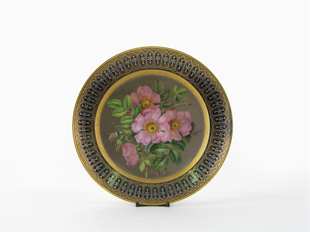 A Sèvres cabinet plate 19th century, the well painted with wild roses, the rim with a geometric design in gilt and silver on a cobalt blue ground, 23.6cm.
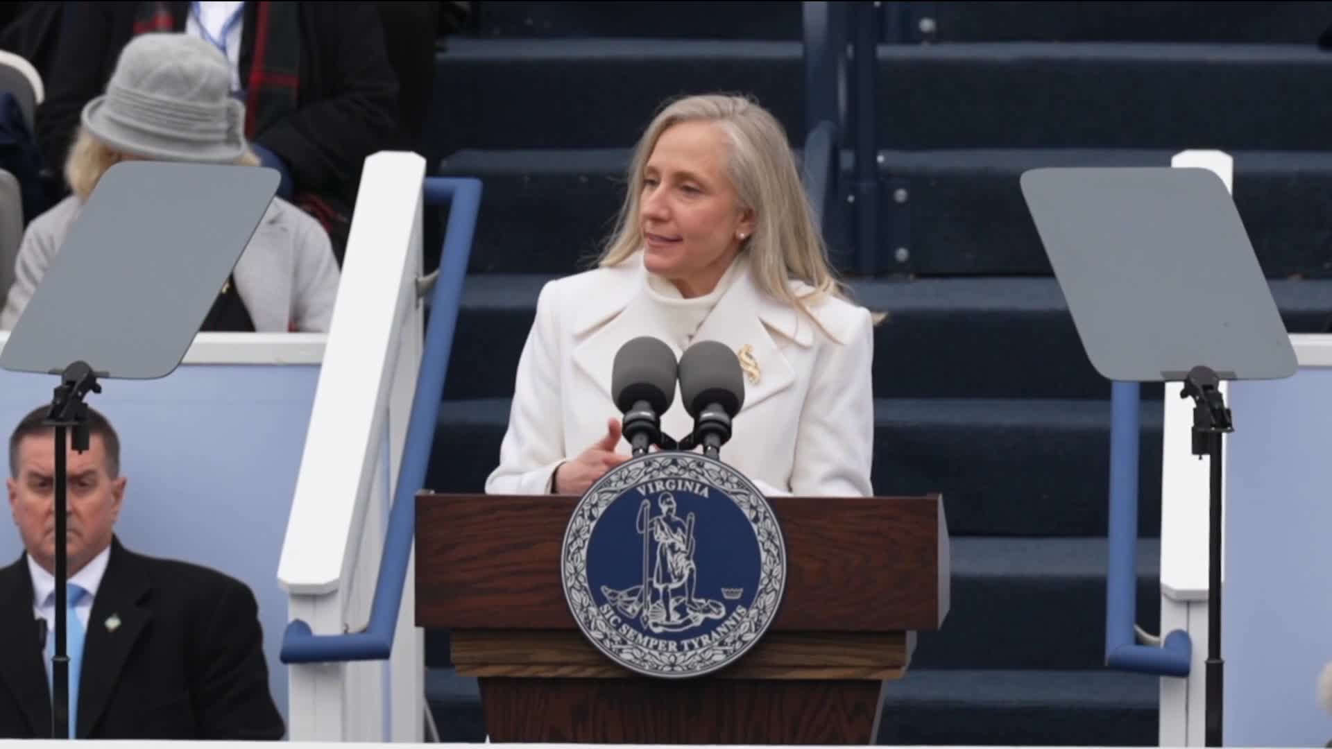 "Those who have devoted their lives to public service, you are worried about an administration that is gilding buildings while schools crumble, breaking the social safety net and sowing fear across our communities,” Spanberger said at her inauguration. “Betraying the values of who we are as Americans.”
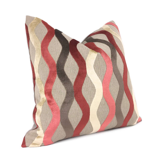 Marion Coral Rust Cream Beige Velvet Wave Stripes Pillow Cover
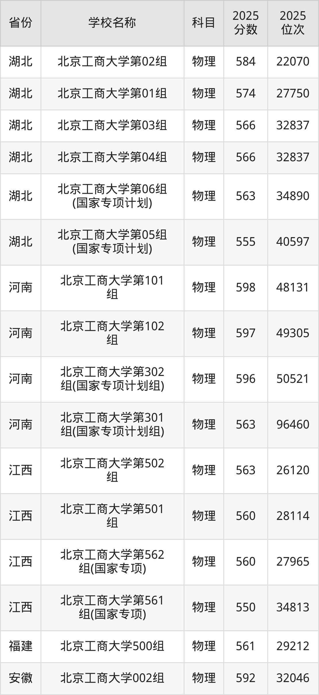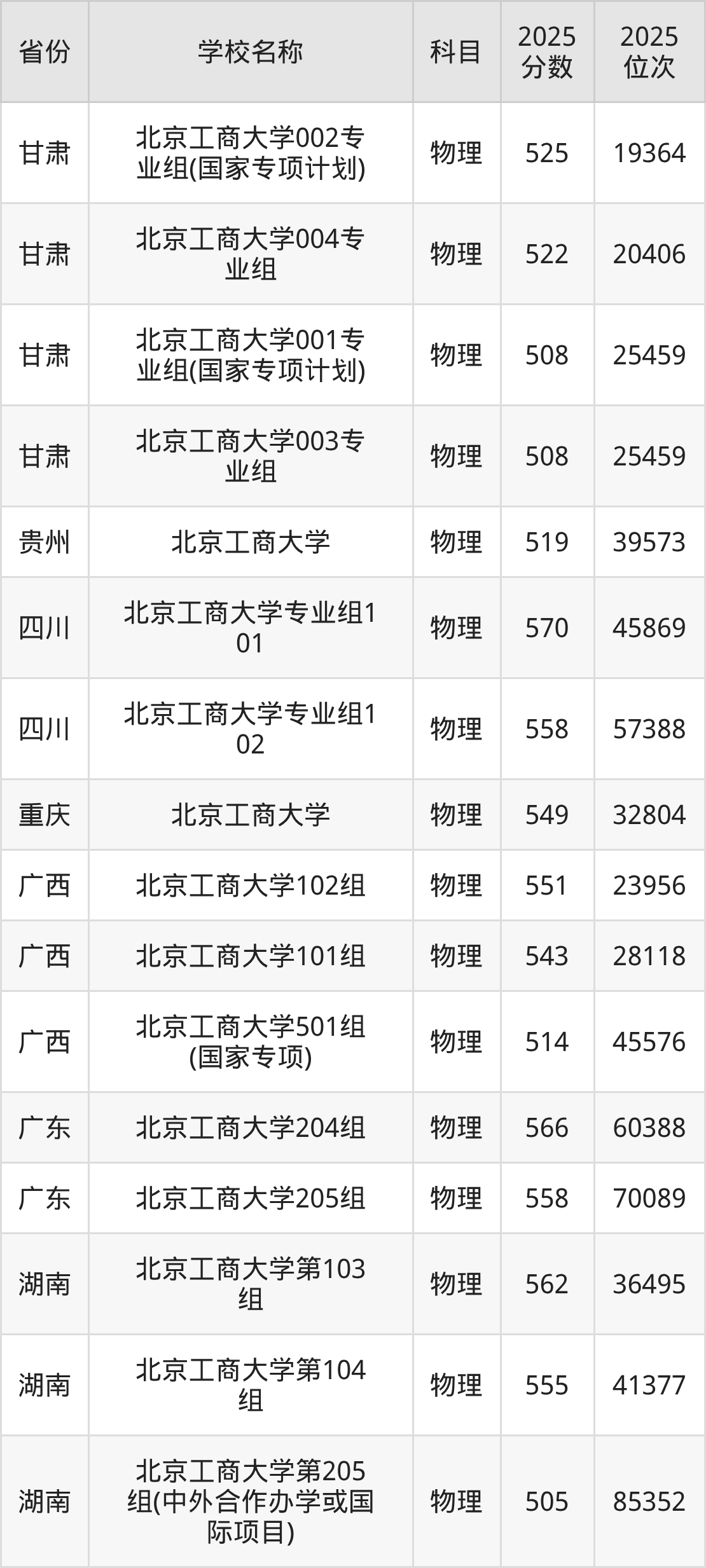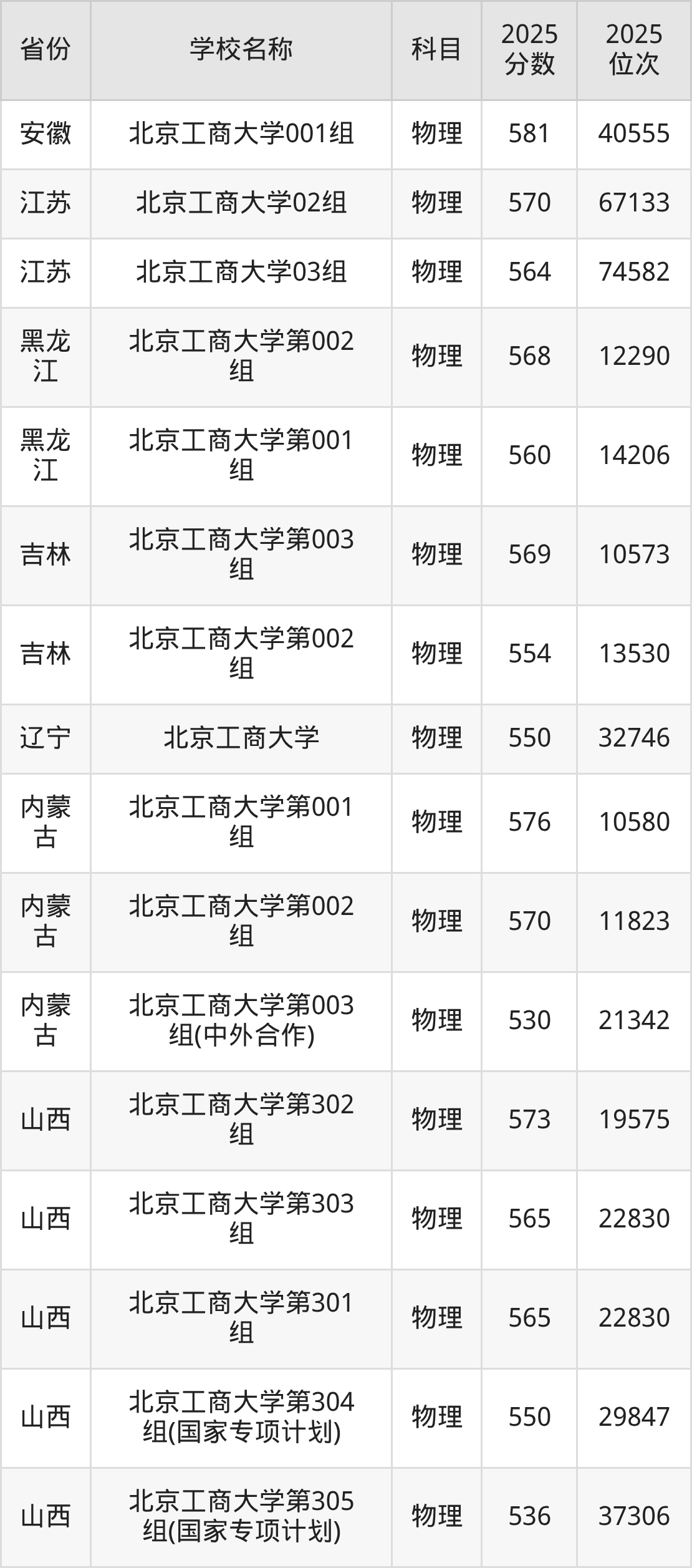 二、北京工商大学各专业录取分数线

※

--- ACTIVITY ---
Copy out each line of the data exactly as it reads; skip the pictures.

--- SOLVED PROBLEM ---
 A Sèvres cabinet plate 19th century, the well painted with wild roses, the rim with a geometric design in gilt and silver on a cobalt blue ground, 23.6cm.
 "Those who have devoted their lives to public service, you are worried about an administration that is gilding buildings while schools crumble, breaking the social safety net and sowing fear across our communities,” Spanberger said at her inauguration. “Betraying the values of who we are as Americans.”
 Marion Coral Rust Cream Beige Velvet Wave Stripes Pillow Cover
 二、北京工商大学各专业录取分数线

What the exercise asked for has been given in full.